The prevalence of osteoporosis was significantly higher in older married females with a higher BMI, middle socioeconomic status and history of joint pain, cardiovascular diseases and chronic headaches. Additionally, it is common among participants to consume less calcium and to take fewer calcium‐vitamin D pills. According to laboratory findings, osteoporosis is associated with higher platelet counts, alkaline phosphatase levels and a lower red blood cell (RBC) count. The variables, including the family history of epilepsy, vitamin D intake, mean corpuscular volume (MCV), gamma‐glutamyl transpeptidase, aspartate aminotransferase, urine protein and urine ketone bodies, did not have a significant association with having or not having osteoporosis.
3.1. Model Performance
All the top‐20 variables were employed in the ML algorithms, and the performance of the diagnosis models on the test data set for all ML techniques is shown in Table 2. Table 2 showcases the performance metrics of various diagnosis models, evaluating each model's accuracy, precision, sensitivity, specificity, F1 score and AUC. These results highlight the strengths and limitations of each model in diagnosing osteoporosis risk, guiding readers in understanding the comparative effectiveness and potential applications of each algorithm in this context.
TABLE 2.
Performance of the diagnosis models.
Models | Accuracy (95% CI) | Precision (95% CI) | Sensitivity (95% CI) | Specificity (95% CI) | F1‐score (95% CI) | AUC (95% CI) |
---|---|---|---|---|---|---|
LR | 0.77 (0.73–0.81) | 0.24 (0.21–0.27) | 0.66 (0.62–0.70) | 0.78 (0.74–0.82) | 0.36 (0.32–0.40) | 0.78 (0.74–0.82) |
DT | 0.79 (0.75–0.83) | 0.23 (0.20–0.26) | 0.55 (0.51–0.59) | 0.81 (0.77–0.85) | 0.34 (0.30–0.38) | 0.76 (0.72–0.80) |
SVC | 0.64 (0.60–0.68) | 0.15 (0.13–0.17) | 0.67 (0.63–0.71) | 0.64 (0.60–0.68) | 0.27 (0.24–0.30) | 0.71 (0.66–0.75) |
RF | 0.77 (0.74–0.90) | 0.31 (0.28–0.34) | 0.42 (0.38–0.46) | 0.90 (0.87–0.93) | 0.36 (0.32–0.40) | 0.78 (0.75–0.82) |
LDA | 0.76 (0.72–0.80) | 0.24 (0.21–0.27) | 0.67 (0.63–0.71) | 0.77 (0.73–0.81) | 0.35 (0.31–0.39) | 0.78 (0.74–0.82) |
KNN | 0.59 (0.55–0.63) | 0.14 (0.12–0.16) | 0.61 (0.57–0.65) | 0.58 (0.54–0.62) | 0.22 (0.19–0.25) | 0.63 (0.59–0.67) |
XGB | 0.79 (0.75–0.83) | 0.25 (0.22–0.28) | 0.58 (0.54–0.62) | 0.81 (0.77–0.85) | 0.36 (0.32–0.40) | 0.78 (0.74–0.82) |
Baseline LR | 0.82 (0.78–0.86) | 0.24 (0.21–0.27) | 0.37 (0.33–0.41) | 0.87 (0.84–0.9) | 0.29 (0.26–0.32) | 0.72 (0.68–0.76) |
Abbreviations: CI, confidence interval; DT, decision tree; KNN, K nearest neighbours; LDA, linear discriminant analysis; LR, logistic regression; RF, random forest; SVC, support vector classifier; XGB, extreme gradient boosting.
The performance of eight ML models for diagnosing osteoporosis was evaluated, with notable results across various metrics. The highest accuracy was achieved by baseline LR at 82% and then DT and XGB, both at 79%, followed by LR and RF at 77%. In terms of precision, RF led with 31%, followed by XGB at 25%. Sensitivity was highest in LDA and SVC at 67%, with LR close behind at 66%. RF demonstrated the highest specificity at 90%, followed by baseline LR at 87% and XGB and DT, each at 81%. The F1 score was highest for XGB, RF and LR at 36%, with LDA at 35%. Lastly, the AUC was highest for XGB, LDA, RF and LR at 78%, followed by DT at 76%. As expected, this baseline model exhibited poorer performance across the prioritised metrics (AUC, F1 score and sensitivity) compared to the more advanced models.

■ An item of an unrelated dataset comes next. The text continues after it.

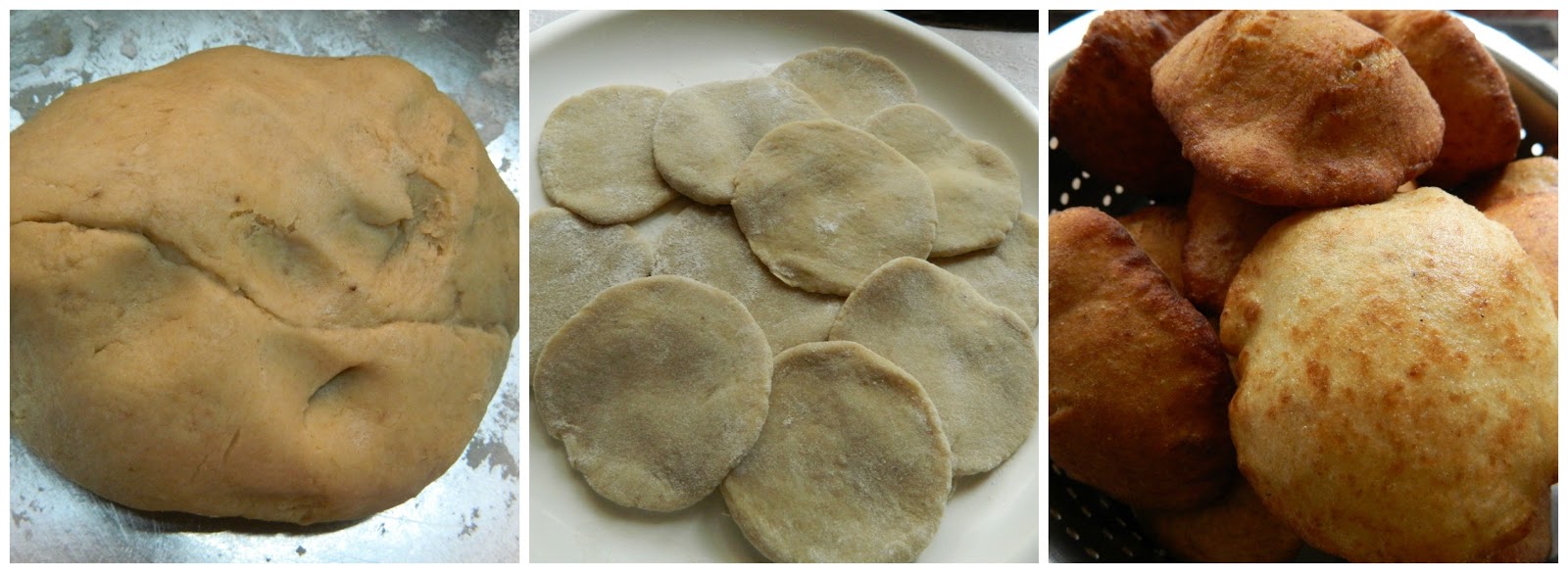 - Next morning punch the dough again,pinch big lemon sized balls and roll it into thick discs.

This further highlights the added value of employing more complex ML techniques such as XGBoost and Random Forest for this task.
Overall, the XGB model was the best‐performing model, achieving the highest AUC and F1 score, which were the primary criteria for selecting the top model. Additionally, XGB showed strong performance in precision and specificity. The RF model also performed well, with high scores in precision, specificity and AUC, and its accuracy was among the top performers. However, based on our prioritisation of AUC, F1 score and sensitivity, XGB was selected as the best model for diagnosing osteoporosis risk. The AUC, F1 score and sensitivity as the primary evaluation metrics were prioritised because the focus of this study is on accurately identifying individuals at risk of osteoporosis, which corresponds to correctly predicting positive outcomes. Sensitivity was emphasised to minimise false negatives, ensuring that high‐risk individuals are not missed. The F1 score was selected to balance precision and recall, both of which are critical in a medical diagnostic context where both over‐diagnosis and under‐diagnosis can have significant consequences. AUC was chosen to assess the model's overall discriminatory power across all classification thresholds, providing a comprehensive evaluation of performance.
3.2. Feature Importance
Feature importance for the XGB model is given in Figure 1. Age, calcium intake and RBC count were the three key variables for diagnosing osteoporosis.
FIGURE 1.
Feature importance of top‐20 diagnosers.
Figure 2 shows individual SHAP force plots for patients who are (A) non‐osteoporosis people and (B) osteoporosis people.
FIGURE 2.
Shapley additive explanation force plot for two selected patients.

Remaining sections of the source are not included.